Embora o português claramente tenha outras formas de indicar resultado, não se pode dizer que não existam formas corriqueiras com esse valor resultativo. Peguemos o diálogo abaixo, que usamos quase que diariamente:

(1.139) A: Venha ver o que você fez.

(1.140) B: O que foi que eu fiz?

(1.141) B: Não fui eu quem fez isso.

Podemos observar que os verbos em negrito, embora estejam todos no pretérito perfeito simples, não aludem somente a um evento no passado, e sim realça-se uma conseqüência dela no presente. Uma indicação clara da ênfase no momento da enunciação é o dêitico “isso” e a perífrase “Venha ver” indicando algo que pode ser visto no presente, que ainda existe, que perdura.

O diálogo acima, dado a falantes nativos do espanhol e do inglês para que o traduzissem, produziu as seguintes versões34:

(1.142) ¡Ven a ver lo que has hecho!

(1.143) ¿Qué es lo que he hecho? Yo no he hecho eso.

34

Como mencionamos anteriormente, estamos focando no valor resultativo do Pretérito Perfecto como sendo o mesmo para a Espanha e a América Latina. No entanto, embora existam outros valores regionais, não vamos nos ater nessas diferenças nesse trabalho pelos motivos já expostos.

E

(1.144) Come see what you have done!

(1.145) What have I done? I haven’t done this.

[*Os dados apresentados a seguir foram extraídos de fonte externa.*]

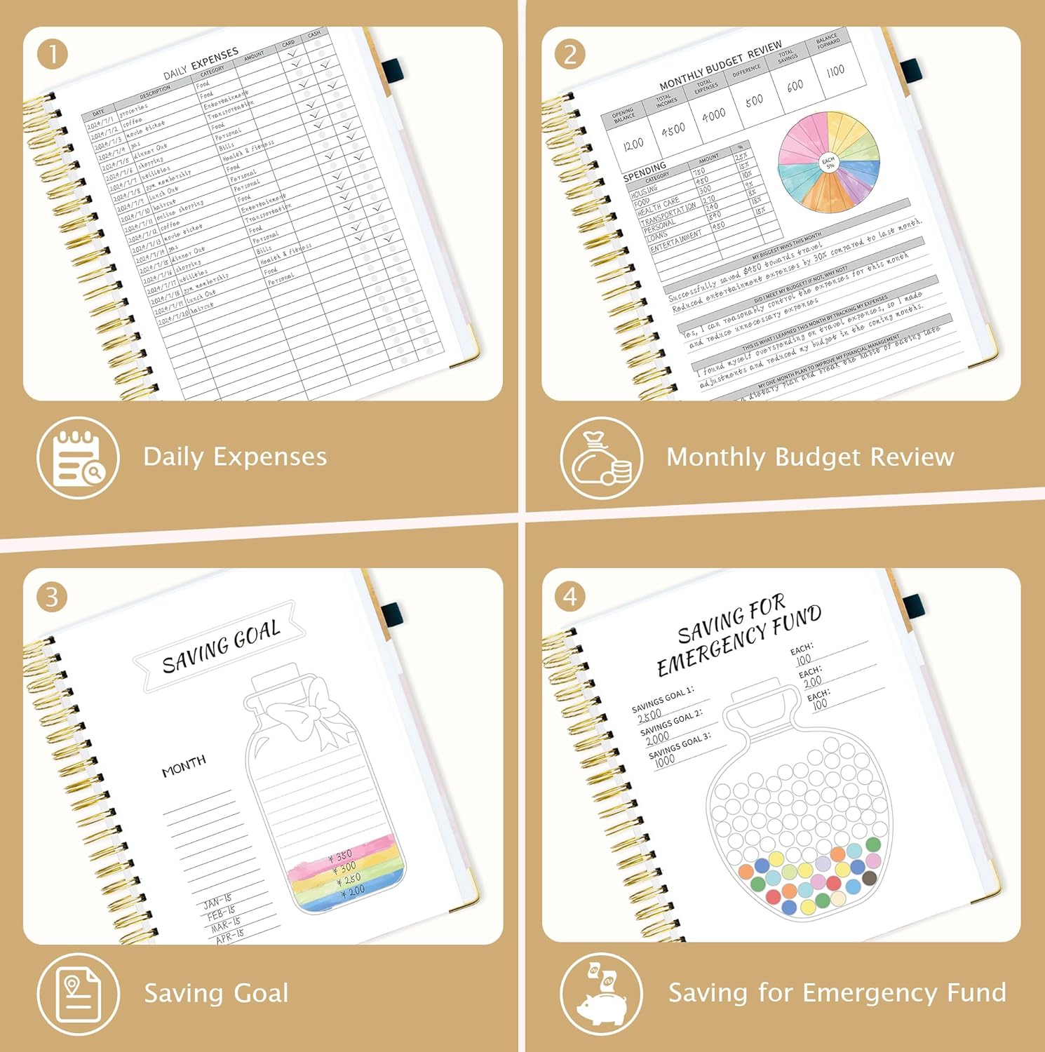 - Achieve Your Financial Goals Easily:Set your annual financial goals and budget plan, then track monthly & daily expenses by category and summarize monthly achievements though monthly budget review page.
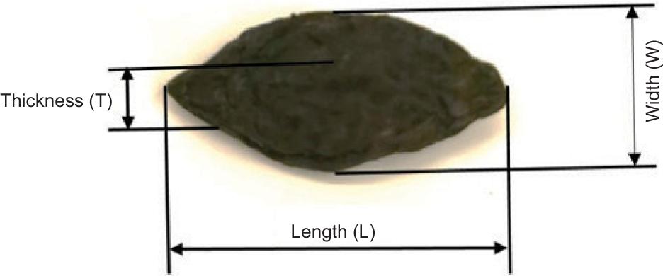 Randomly selected 30 samples of T. chebula dried fruit were used. Dimensions of dried fruit were measured with a digital caliper with an accuracy of 0.01 mm (Mitutoyo, Absolute Digimatic, Japan) (Figure 2).
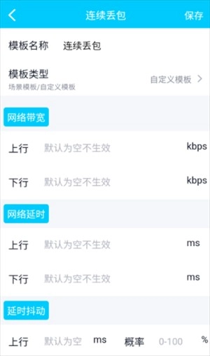 上行链路和下行链路延迟、延迟抖动、网络带宽、任意丢包、连续丢包、TCP/UDP协议控制(模拟一些运营商不支持UDP的弱网络场景)。

Como se pode observar, o português contemporâneo do Brasil utiliza também o pretérito perfeito simples para veicular o valor de resultado presente de um evento ou estado passado. Contudo, esse valor não é o mais usual e nem parece estar descrito suficientemente nas gramáticas. Como veremos a seguir, o fato de a interlíngua apresentar estruturas da língua materna, nos faz, mesmo estudando línguas estrangeiras, voltar aos valores da L1. Novamente, precisamos de estudos como o de Beline (2005), que esclarecem os valores e os usos correntes do português do Brasil, para dar conta de explicar as construções que vão aparecer na L2.